Harry appela de la voiture.

On répondit à l’autre bout du fil avant qu’il ait eu le temps de se présenter : « Salut, Harry. »

L’idée que Mathias Lund-Helgesen puisse reconnaître le numéro ou qu’il l’ait ajouté à sa liste accompagné du nom fit frissonner Harry. Il entendait les voix de Rakel et Oleg en bruit de fond. Week-end. Famille.

« J’ai une question concernant la clinique de Marienlyst. Est-ce que les dossiers des patients existent toujours ?

– J’en doute, répondit Mathias. Je crois que la règle veut que les choses de ce genre soient détruites si personne ne reprend la boutique. Mais si c’est important, je peux vérifier, évidemment.

– Merci. »

Harry passa devant la station de métro de Vinderen. Des images défilèrent rapidement. Une course-poursuite, une collision, un collègue mort, la rumeur disant que c’était Harry qui avait été au volant et qu’il aurait fallu le faire souffler dans le ballon. Ça faisait longtemps. De l’eau sous les ponts. Des cicatrices sous la peau. Des plaies à l’âme.
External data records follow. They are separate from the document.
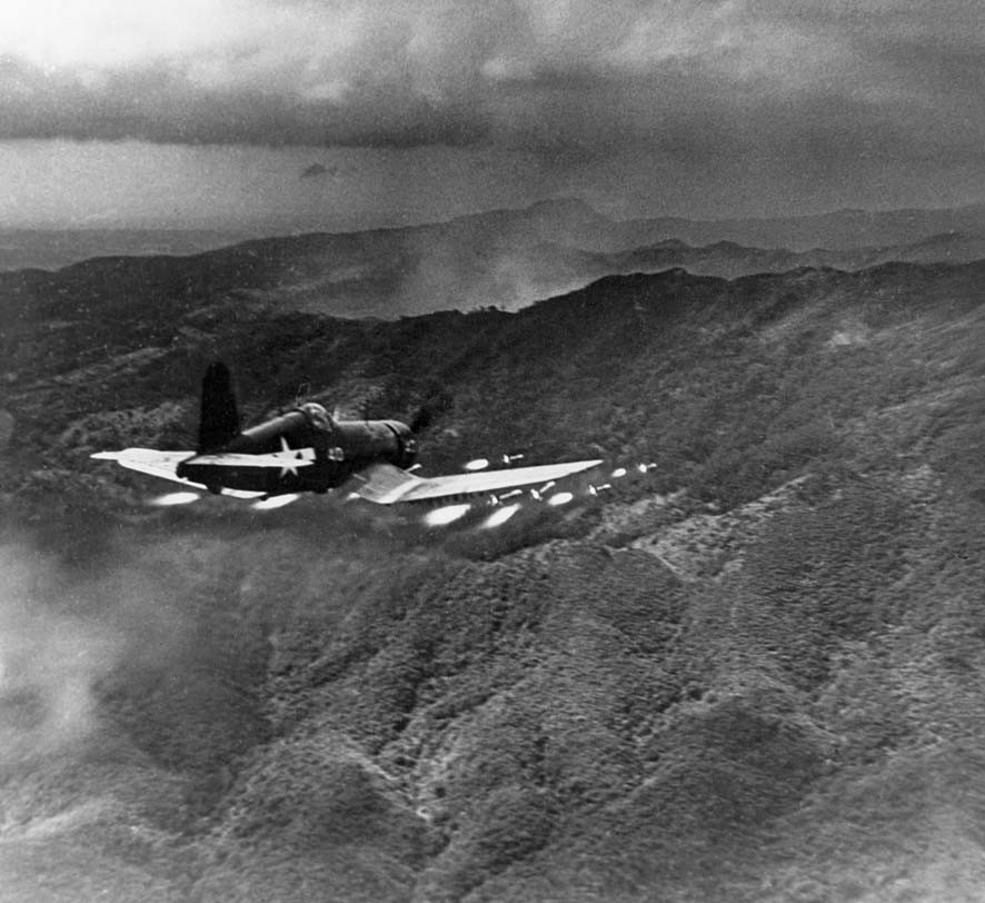 Equipped with the Vought F4U Corsair, VMF-441 was operating against bypassed Japanese outposts in the Marshall Islands. Lieutenant Mendinhall’s first mission was against Taroa in the Maloelap Atoll on February 28, 1945.
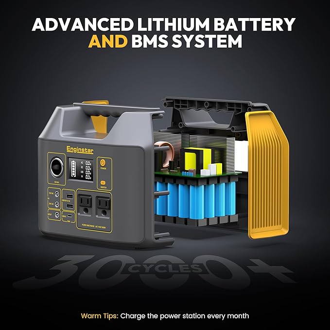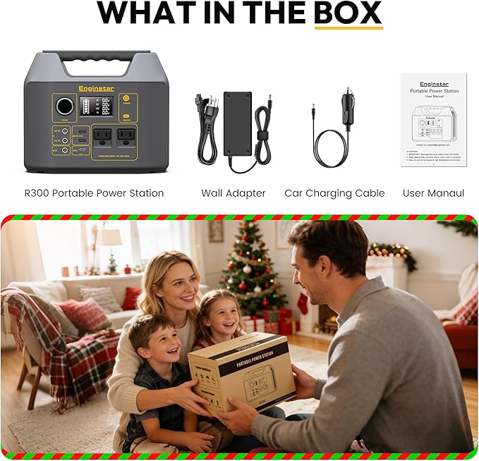 - PORTABLE BUT POWERFUL: 9 x 5.5 x 7.5 inches body size, only 6.5lb, EnginStar 300W portable power station is every compact, built-in LED light and large LCD display, easy to read, EnginStar portable power station provides 296 watt-hours of power usage, sufficient to power for weekend camping trips, road trip, RV living, outdoor off-grid activities, can provide enough juice to charge your phones, laptop, camera, CPAP, drone and more
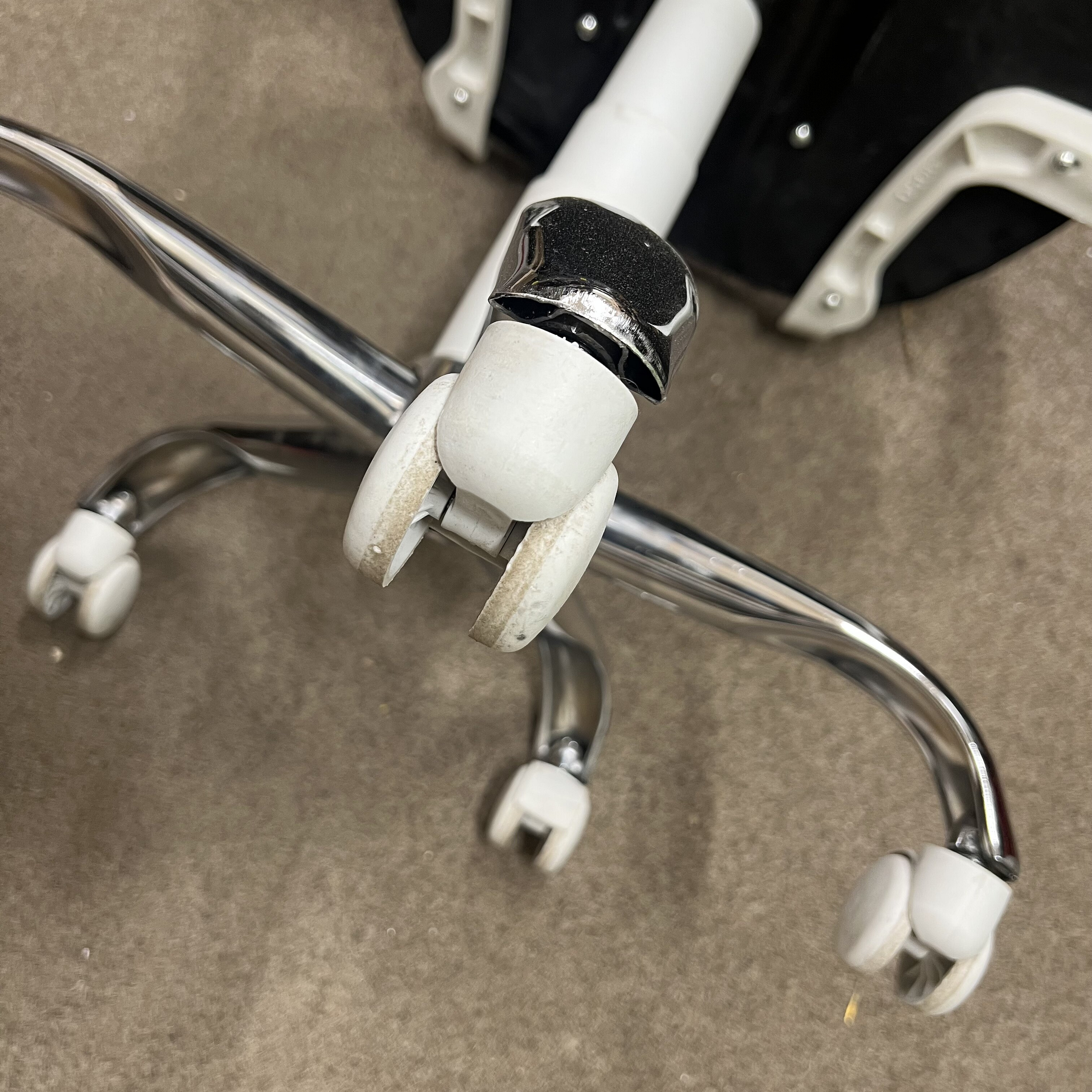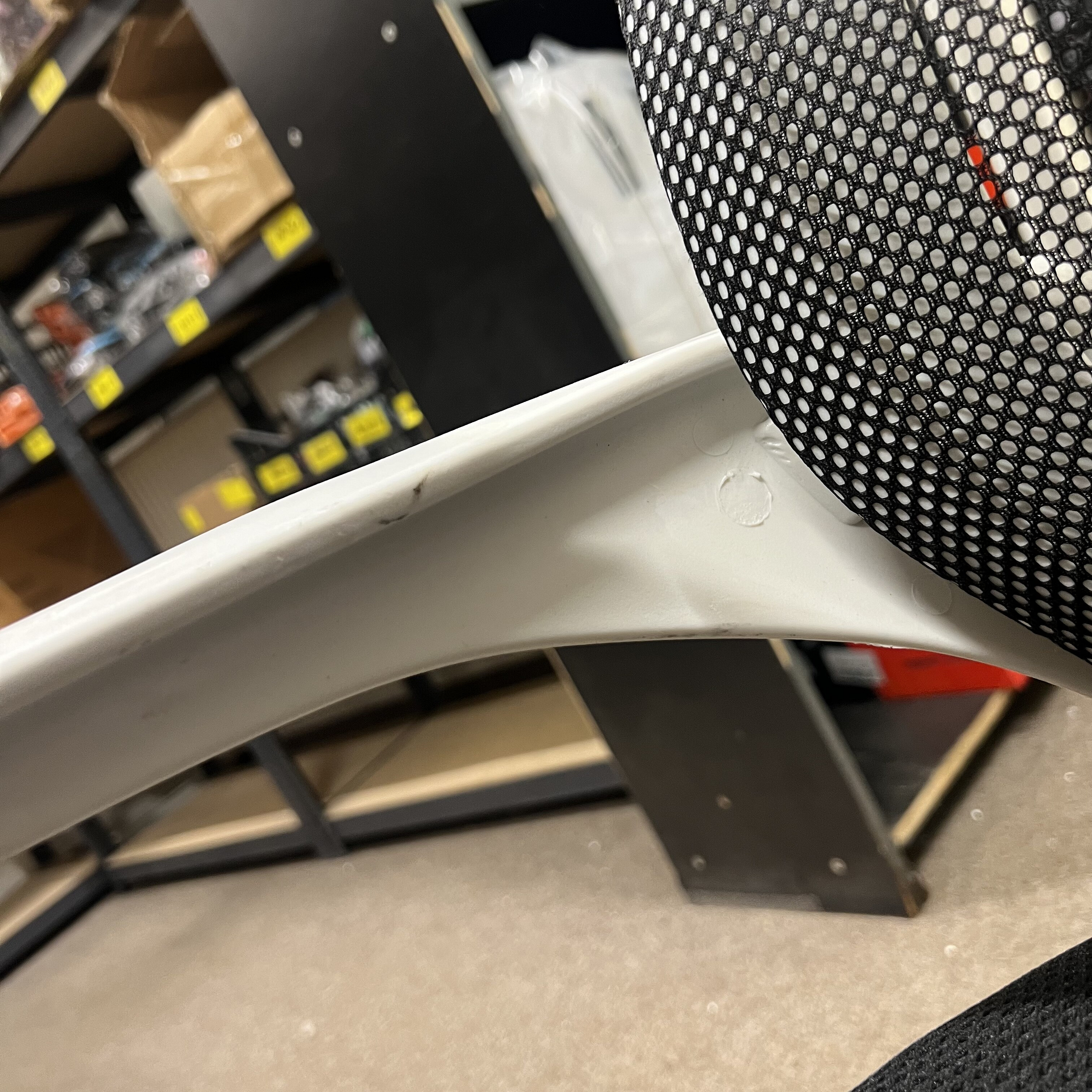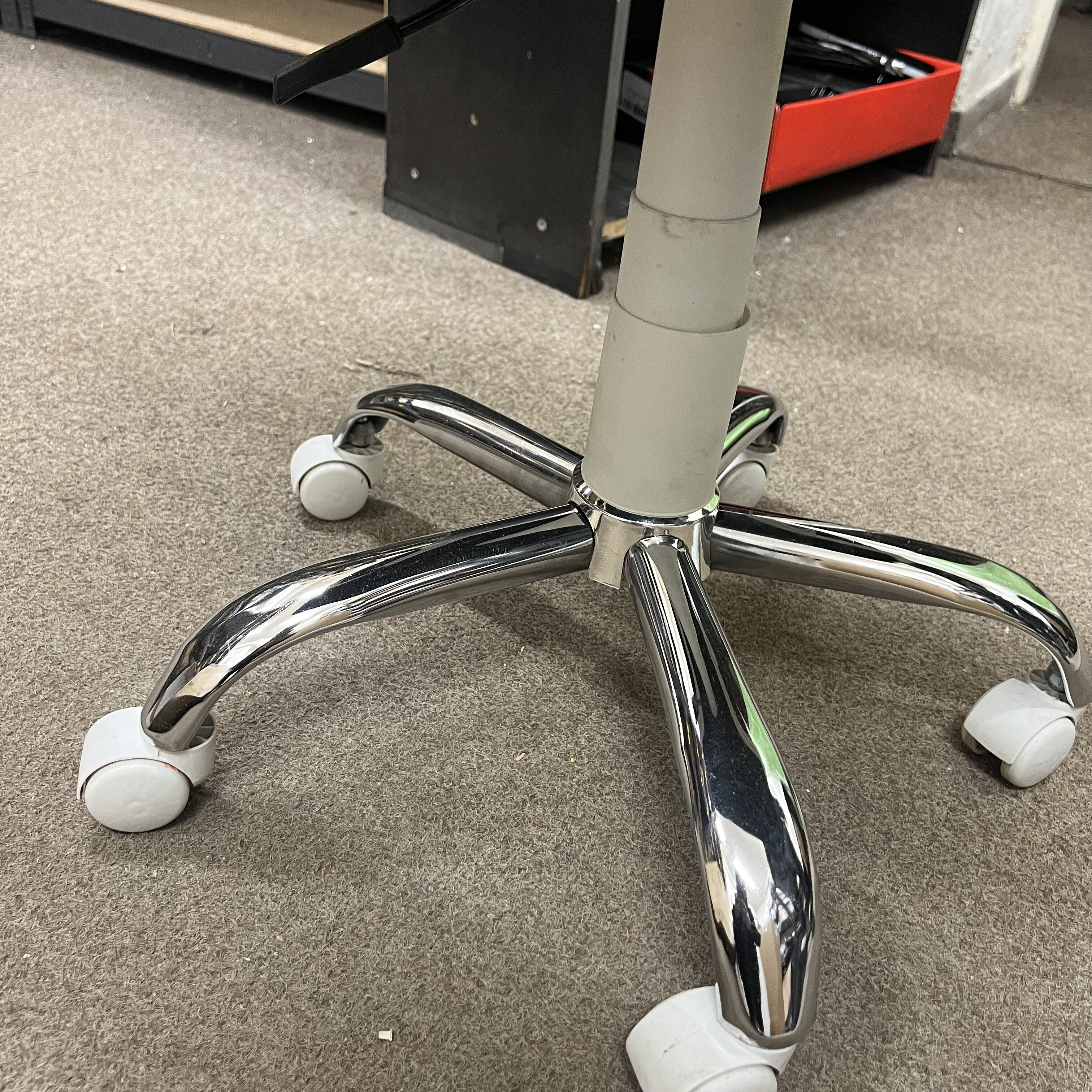 Kancelářská židle se ohýbá doleva, lze si ji opravit.
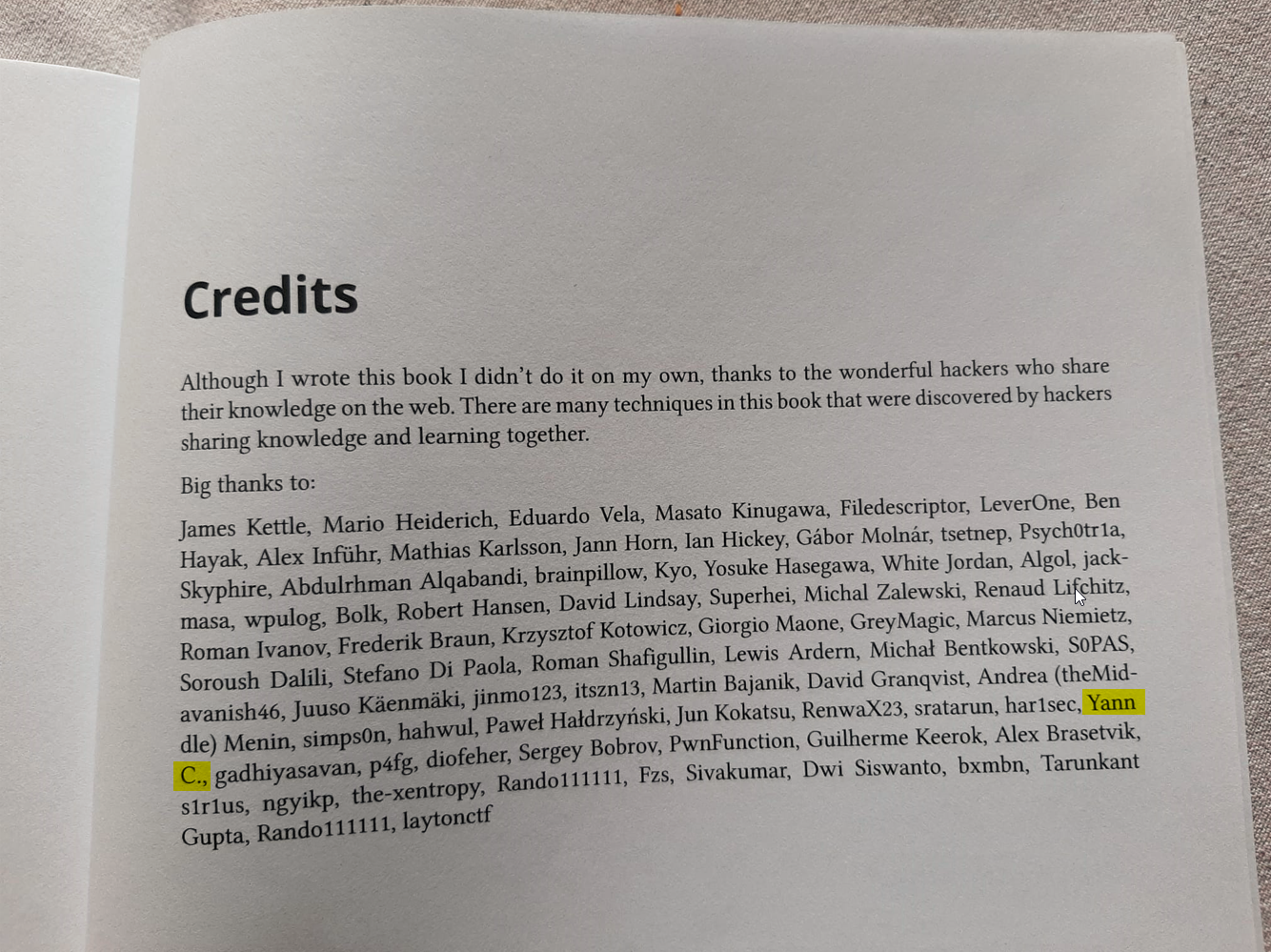 Gareth HEYES, chercheur chez PortSwigger et l’un des experts mondial incontesté de référence sur le Hacking via JavaScript (XSS, bypass-WAF, payloads, browsers SOP evasion), me mentionne dans les crédits de son ouvrage ainsi que sur l’incontournable XSS Cheat Sheet en ligne. [1][2]

Mathias rappela au bout d’un quart d’heure. « J’ai discuté avec Gregersen, qui dirigeait la clinique de Marienlyst. Je crains que tout ait été effacé. Mais je crois que des gens, Idar entre autres, ont emporté les dossiers de leurs patients.

– Et toi ?

– Je savais que j’allais passer dans le privé, alors je n’ai rien pris.

– Tu te rappelles les noms de certains des patients d’Idar, par hasard ?

– Quelques-uns, peut-être. Pas beaucoup. Ça fait longtemps, Harry.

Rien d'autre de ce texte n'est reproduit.